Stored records
※

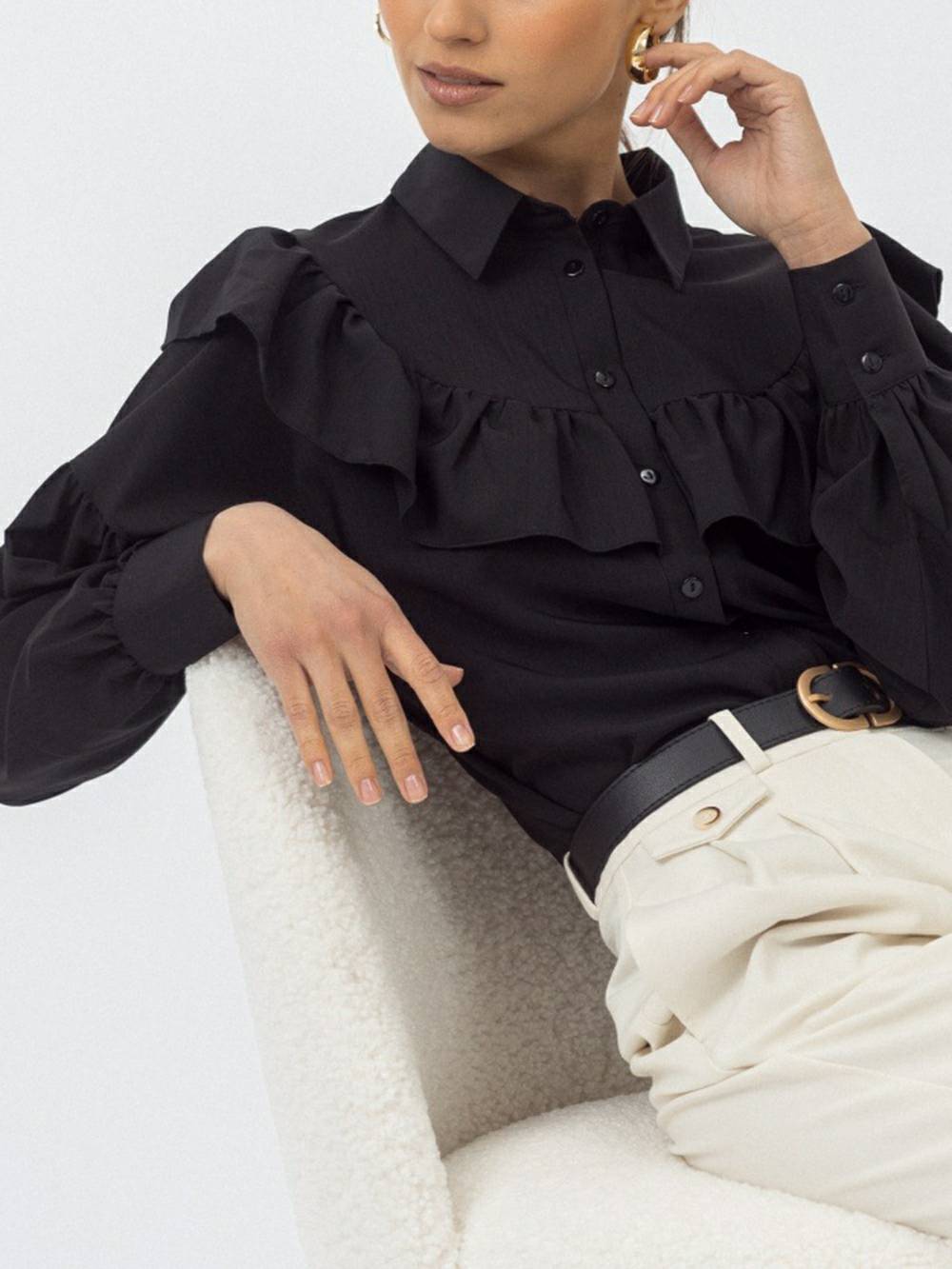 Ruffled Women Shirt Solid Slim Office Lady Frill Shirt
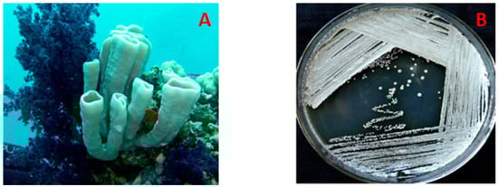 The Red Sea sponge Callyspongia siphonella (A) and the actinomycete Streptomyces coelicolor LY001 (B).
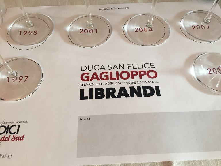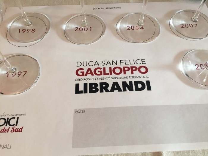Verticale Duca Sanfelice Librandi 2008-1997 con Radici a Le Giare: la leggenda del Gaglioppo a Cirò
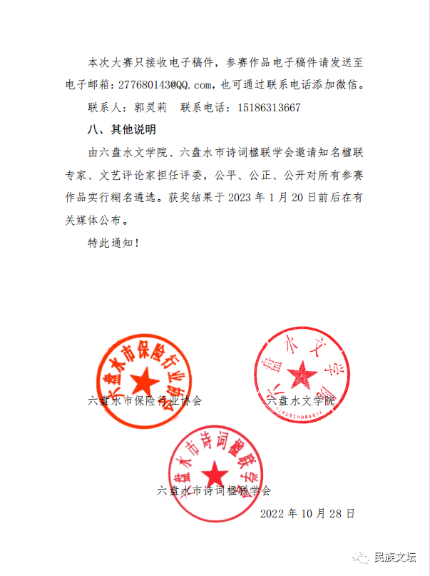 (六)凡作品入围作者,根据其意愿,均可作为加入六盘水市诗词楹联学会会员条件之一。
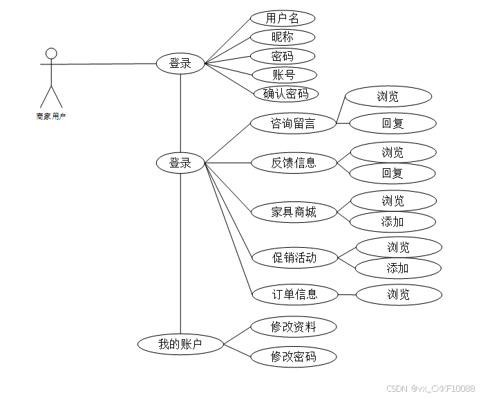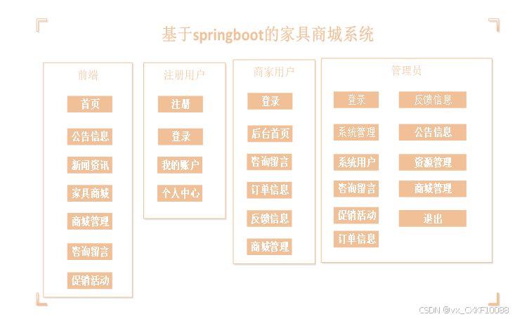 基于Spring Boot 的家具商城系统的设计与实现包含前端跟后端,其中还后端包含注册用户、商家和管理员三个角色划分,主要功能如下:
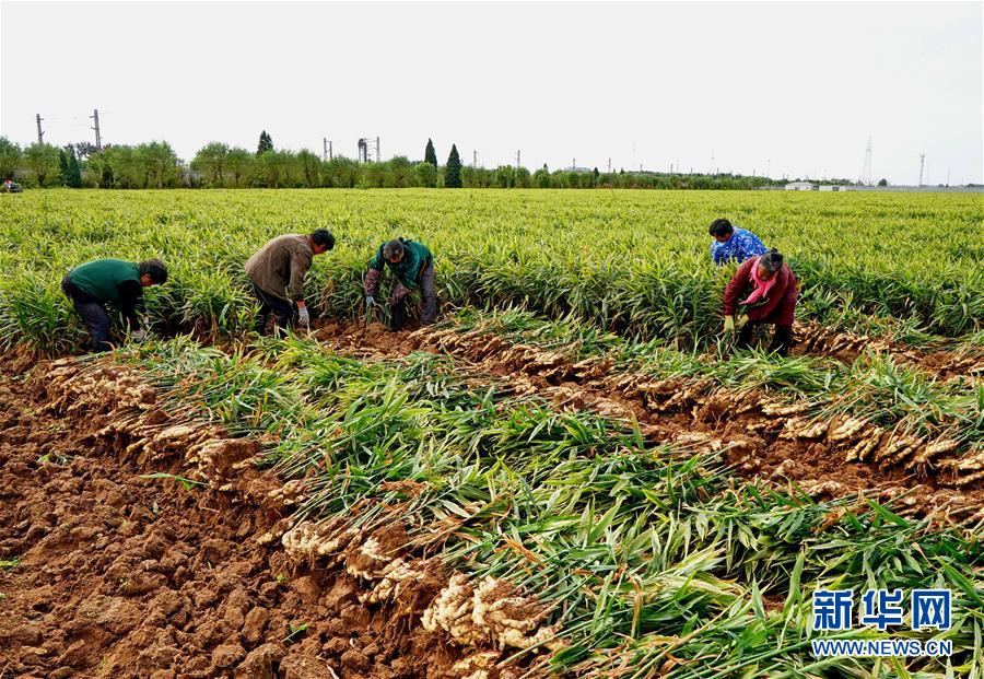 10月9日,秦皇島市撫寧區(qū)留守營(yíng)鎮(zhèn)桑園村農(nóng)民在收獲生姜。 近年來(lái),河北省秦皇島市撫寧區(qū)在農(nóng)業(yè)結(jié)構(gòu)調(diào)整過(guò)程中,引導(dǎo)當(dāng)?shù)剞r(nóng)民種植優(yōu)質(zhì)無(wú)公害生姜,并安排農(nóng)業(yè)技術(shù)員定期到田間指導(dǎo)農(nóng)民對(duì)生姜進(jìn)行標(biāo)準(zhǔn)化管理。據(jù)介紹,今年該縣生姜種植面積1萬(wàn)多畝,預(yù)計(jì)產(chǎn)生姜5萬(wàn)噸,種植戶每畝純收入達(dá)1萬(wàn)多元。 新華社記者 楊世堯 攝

※

_Task item_
Apart from its pictures, the data is to be repeated exactly.

_Response to this exercise_
 Ruffled Women Shirt Solid Slim Office Lady Frill Shirt
 The Red Sea sponge Callyspongia siphonella (A) and the actinomycete Streptomyces coelicolor LY001 (B).
Verticale Duca Sanfelice Librandi 2008-1997 con Radici a Le Giare: la leggenda del Gaglioppo a Cirò
 (六)凡作品入围作者,根据其意愿,均可作为加入六盘水市诗词楹联学会会员条件之一。
 基于Spring Boot 的家具商城系统的设计与实现包含前端跟后端,其中还后端包含注册用户、商家和管理员三个角色划分,主要功能如下:
 10月9日,秦皇島市撫寧區(qū)留守營(yíng)鎮(zhèn)桑園村農(nóng)民在收獲生姜。 近年來(lái),河北省秦皇島市撫寧區(qū)在農(nóng)業(yè)結(jié)構(gòu)調(diào)整過(guò)程中,引導(dǎo)當(dāng)?shù)剞r(nóng)民種植優(yōu)質(zhì)無(wú)公害生姜,并安排農(nóng)業(yè)技術(shù)員定期到田間指導(dǎo)農(nóng)民對(duì)生姜進(jìn)行標(biāo)準(zhǔn)化管理。據(jù)介紹,今年該縣生姜種植面積1萬(wàn)多畝,預(yù)計(jì)產(chǎn)生姜5萬(wàn)噸,種植戶每畝純收入達(dá)1萬(wàn)多元。 新華社記者 楊世堯 攝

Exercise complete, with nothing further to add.